Before I came to Wharton, I was a marketing director in the International Investments Unit at Prudential. I came to Wharton to better understand the financial side of the business and for the challenge.

However, during the EMBA program, I began thinking more about how to integrate the personal, professional, and civic aspects of my life. In particular, Prof. Terry LaPier’s Entrepreneurial Leadership class at Wharton inspired me to consider how I might align all of those areas and redefine success on my own terms.

After graduation, I attended Parsons New School of Design then decided to launch my own residential interior design studio. Now, my job is to help clients enjoy their homes (and all the life that happens within them) more. I get to create beauty and personalize design solutions for each client. But my studio is also a business, and running it feeds the part of me that loves competitive strategy and management. By donating our profits to charity and creating meaningful part-time jobs for local working moms, I am fulfilling my dream to do good in the world and share the good fortune I’ve had with others.

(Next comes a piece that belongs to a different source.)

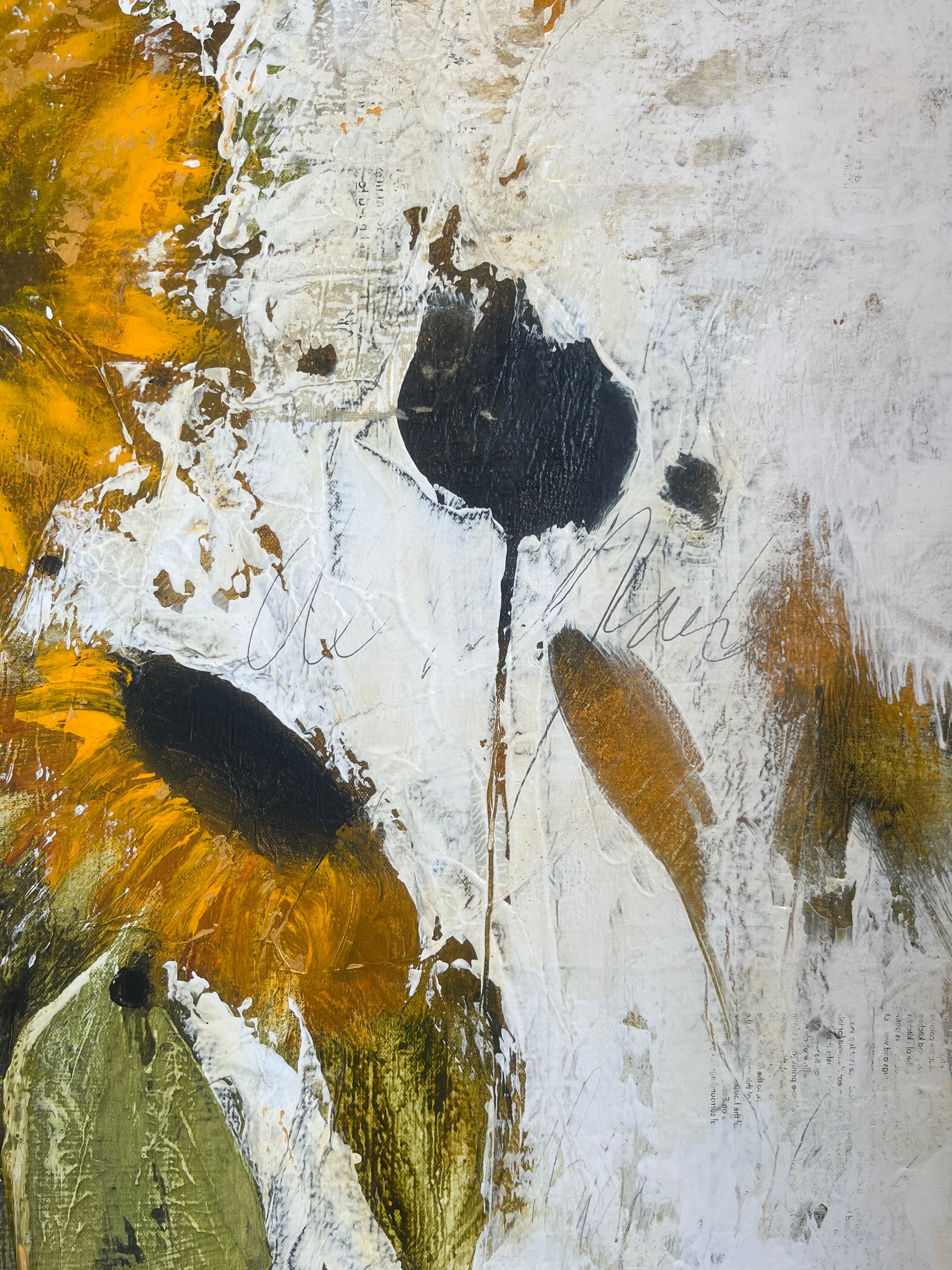 Harris approaches each piece intuitively, allowing the surface to evolve through bold brushwork, sweeping movement, and deeply tactile layers of paint. The result is work that feels both spontaneous and intentional, florals that are felt as much as they are seen.

Like any other small business owner, my day-to-day job involves a lot of multi-tasking from reviewing business metrics to advising contractors to meeting with my staff to actually designing. To get it all done, I draw on my Wharton education nearly every day. Whether it is identifying our “unique value proposition,” evaluating risks, managing people, or developing our online presence, I’m either using direct knowledge from a Wharton class or the analytical skills that were honed there.

A good example of how I use my Wharton MBA involves my perspective on growth. During the last economic downturn, too many designers went out of business or were forced to retire early. They were overextended, overstaffed, and/or underpriced. In our financial analysis class, I remember learning that not all growth is sustainable or advisable when you are a small company without easy access to capital. As a result, I manage our cash flow carefully and take on only as much work as we can handle. The other benefit of this approach is the team can truly focus on the clients we do take on and give them the attention they need.

Another lasting lesson is from a marketing strategy class, which drove home the dangers of competing on price alone and trying to be all things to all people. Instead, I articulate the value we provide and focus on finding the right fit with clients for whom we know we can make a real difference. And with clients now able to access so much information online, pricing pressure is intense for furnishings. We don’t fight this trend. We embrace it and ask our clients how they would like to work with us when it comes to purchasing products.

As for donating our profits, I was inspired by Paul Newman and his company, Newman’s Own, to shift to a “for benefit” model last year. We kept our IRS status as a for profit business, established a donor-advised fund, and so far have donated over $20,000 to local nonprofits — including Homefirst, which provides transitional and low-income housing to homeless women and their children, and Good Grief and Imagine NJ, which both provide support programs to children who have had deaths in their immediate families. My goal is to give much more in the coming years.

At design school, I learned how to work with color, draw up plans, arrange furniture, etc. At Wharton, my professors and classmates gave me the knowledge, confidence, and inspiration to not only run a business, but to follow my own path. What more could you ask for from an advanced degree?